You will say, "Prove it. Do you have some data they are hiding from us?" I don't have to prove it with hidden data from SOHO or something like that, I can prove it straight from logic and from the numbers above. Even without any numbers from scientific papers or orbiting satellites, we know that it gets darker as you go higher in the atmosphere. Every high-altitude pilot knows that. We are told that is caused by the thinner atmosphere, which doesn't scatter as much. OK, so that means that lower altitudes scatter more, and they scatter more because they are denser. See the problem yet? According to the Rayleigh equation we just studied, each particle causes a dimming. A denser atmosphere is composed of more particles, therefore a denser atmosphere should cause greater dimming. More and more photons should be reflected up or scattered to the sides (where they would also escape back into space).

- ... So this scattering mechanism and equation are both opposite to data.
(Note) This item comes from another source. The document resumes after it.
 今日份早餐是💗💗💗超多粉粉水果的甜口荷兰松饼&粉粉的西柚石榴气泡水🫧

A denser atmosphere should reflect or absorb more, but they have a denser atmosphere reflecting less . Increasing brightness at lower altitudes contradicts the equation above and any logical application of scattering.

I hope you are beginning to see that the brightness of the atmosphere is a huge mystery, one that has never been explained by the mainstream. Like the brightness of the Moon, it is another gigantic piece of data that is strongly negative to current theory. Rather than admit that and post it as a question, they hide it. They build big equations to conceal it. They then borrow energy from the vacuum while you aren't looking, creating new photons from nothing. Borrowing from the vacuum isn't only a trick used in symmetry breaking and other esoteric problems. It is used here in Rayleigh scattering, though it is (somewhat) better concealed.
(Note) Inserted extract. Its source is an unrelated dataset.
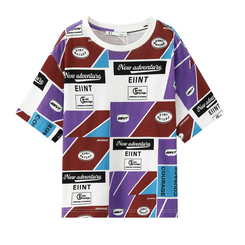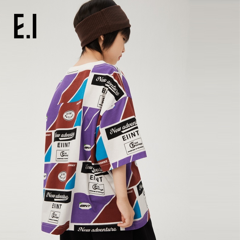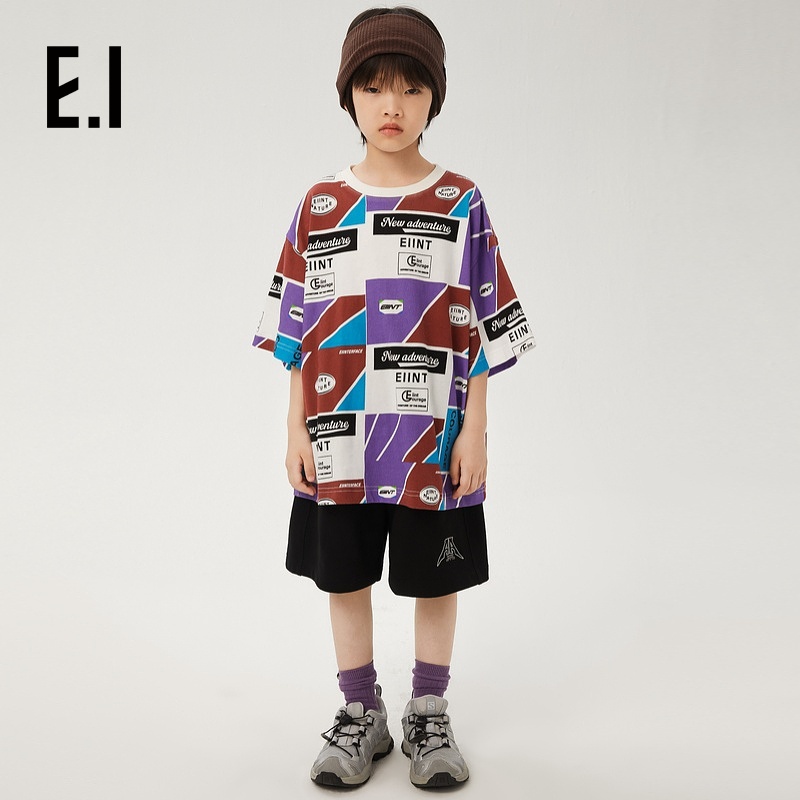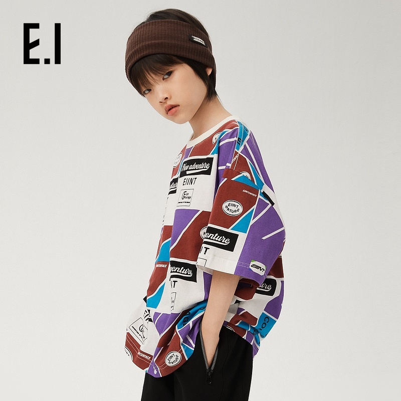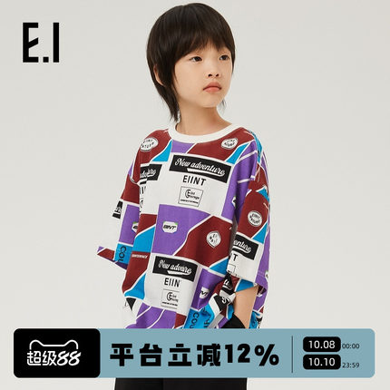ei童装男童短袖T恤夏装新款中大童复古港风满印宽松休闲上衣

I will show you how to solve this mystery. I think you will be shocked at how simple it is. All we need is my charge field. I have shown that the Earth is recycling charge that it gets from the Sun. Some light and heat comes directly from the Sun, without being recycled through the Earth. But what turns out to be a majority of the charge from the Sun is taken in by the Earth at her poles, recycled through the core, and emitted most heavily near the equator (or 30o N and S, to be more precise). It is the Earth's spin, combined with the spherical shape, that allows for this charge channeling. All bodies channel charge like this, from the electron to the proton to the nucleus to the Moon to the Sun to the Galaxy.

- Since charge is made of real photons, we have a field of photons rising up from the surface of the Earth at all times. Since these photons are rather small as photons go, and since they peak in the infrared, they get mistaken for heat in many situations, and are given to many other causes. But I have shown they are best understood as charge — the same charge that is represented by the minus sign on the electron. Once we have this field, the gradient of brightness is easy to explain. Since the charge is emitted by the Earth, its density falls off with altitude, by the surface area equation. In other words, we have denser charge nearer the surface. It is this charge field that incoming light is mainly interacting with. Yes, molecules in the atmosphere then rechannel this charge, and charge fields are always denser near matter. But when it gets right down to it, what we have here is another charge interaction. Without rising charge, there is no way to explain the brightness gradient on the Earth.

by Lloyd » Thu Apr 04, 2013 9:43 am

I think by saying some and heat and light come directly from the Sun, Miles means the heat comes as IR light. The part that comes from the Sun I gather would be the part we can see from here coming from the Sun, but only part of that would be entering the polar regions and being recycled through the Earth, mostly out through the equatorial region.